We will not lower the level of ride to accommodate the slower riders. Meaning if a level 3 signs up for a posted level 5 there is a good chance that they will not be able to keep up. In this case the slow rider would be dropped from the level 5 group ride. One level up is fine but not two up.

Level 1-3 will always be a slower pace and more stops will happen. As you start to get ready to move to the next level (4) you will notice the trails do get harder and the pace a little faster with fewer stops. In Colorado there are not a lot of good fun beginner type rides and even less level 4 rides, so to compensate for this we usually will do a harder ride with more stops and breaks to bring the level down. This can cause some frustration with people that don't like to stop as much but this is what we have to do.

So please try to be patient with us and we will do the same. We also understand that people will have good days and bad so if your not going as strong as you usually are we understand.
A former member
Post #: 406
Here is a list of what I think of when posting a level for a ride.


  • Most bike paths and flat trail rides are a level 1 but could be a 2 if it is at a fast pace with more miles.

  • Trails with short climbs and spaced out obstacles will be level 2 or 3s depending on distance and size of obstacles. There are not a lot of level 2 and 3 rides very close and are typically shorter in distance so doing the loop twice may be called for to increase the ride time.

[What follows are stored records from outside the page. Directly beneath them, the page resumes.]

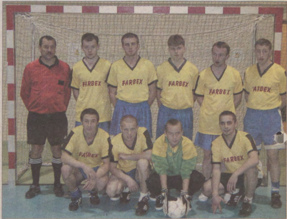
Farbex wygrał swój ostatni mecz i zajmuje 7 miejsce w tabeli.

W drugim pojedynku JB walczyło z Lokomotywą. Pierwsza połowa bardzo szybka i zacięta zakończyła się wynikiem 2:2. W drugiej obie drużyny w trosce o wynik zagrały z dużą asekuracją własnej bramki, poświęcając więcej uwagi obronie, przez co kibice nie zobaczyli więcej goli. Mimo to mecz stał na bardzo dobrym poziomie i wzbudzał sporo emocji.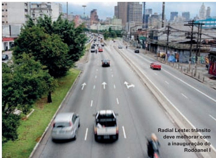
Radial Leste: trânsito deve melhorar com a inauguração do Rodoanel I

Belém é cortado por três avenidas fundamentais (Marginal do Tietê, Celso Garcia e Radial Leste ) e tem fácil acesso para estradas importantes, como a Dutra, a Fernão Dias e a Ayrton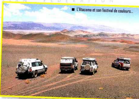
■ L'Atacama et son festival de couleurs...

Ces trois déserts représentatifs du continent américain se visitent en 4x4 de location, ou avec son propre 4x4, en sécurité à toutes saisons sauf en plein été. ■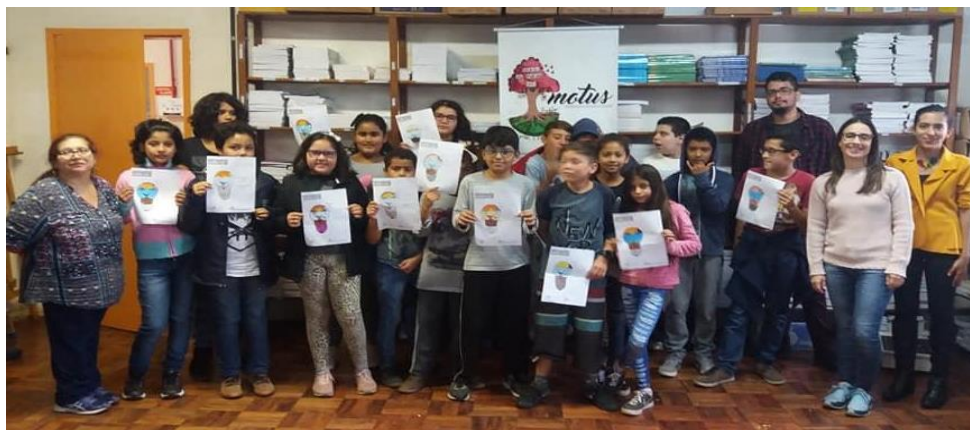
Figura 4 – Registro da ação Motus na Escola na EMEB Princesa Isabel

expostas no saguão da UNIPAMPA - Campus Alegrete entre os dias 08 e 30 de abril de 2019 no formato de um varal.

  • Level 4 gets tricky because it is a transitional level ride, these will have longer moderate climbs and short steep climbs with some bigger obstacles that people will have trouble with.

  • Level 5 is what I would consider a intermediate level rider. These trails will be more technical then the level 4 rides and will have more obstacles on them with more distance and more steeper down hills. I think Fitness helps more on these rides then technical skills.

  • Level 6 rides can hurt a bit even for good riders. They will have longer sustained climbs with obstacles thrown in for flavor. You will find larger drops and steps to maneuver with tricky sections that can break your bike or you. It is advised that you be skilled in technical riding and have a good fitness for riding these trails.

  • The following type of trails are not often rode in this group but on occasion they are. I consider Dakota Ridge a level 7. Most people that have ridden this trail have gone over the bars at least once and usually come back with bikes that need repairing. Now there are plenty of people that go through this trail with no problem and that speaks to their technical skills. This trail is not real long but is tough.

  • Level 8-10 I don't do but can imagine what they are. These trails make for great video or youtube clips. Really good riders will be using armor and more protective clothing with full face helmets. These will be more down hill then up just because they are so difficult.


Our group focuses on well rounded riders. On some trails the level of a few of the obstacles will not be reflected in the overall rating for the ride. The level of ride will reflect the overall feel of the ride.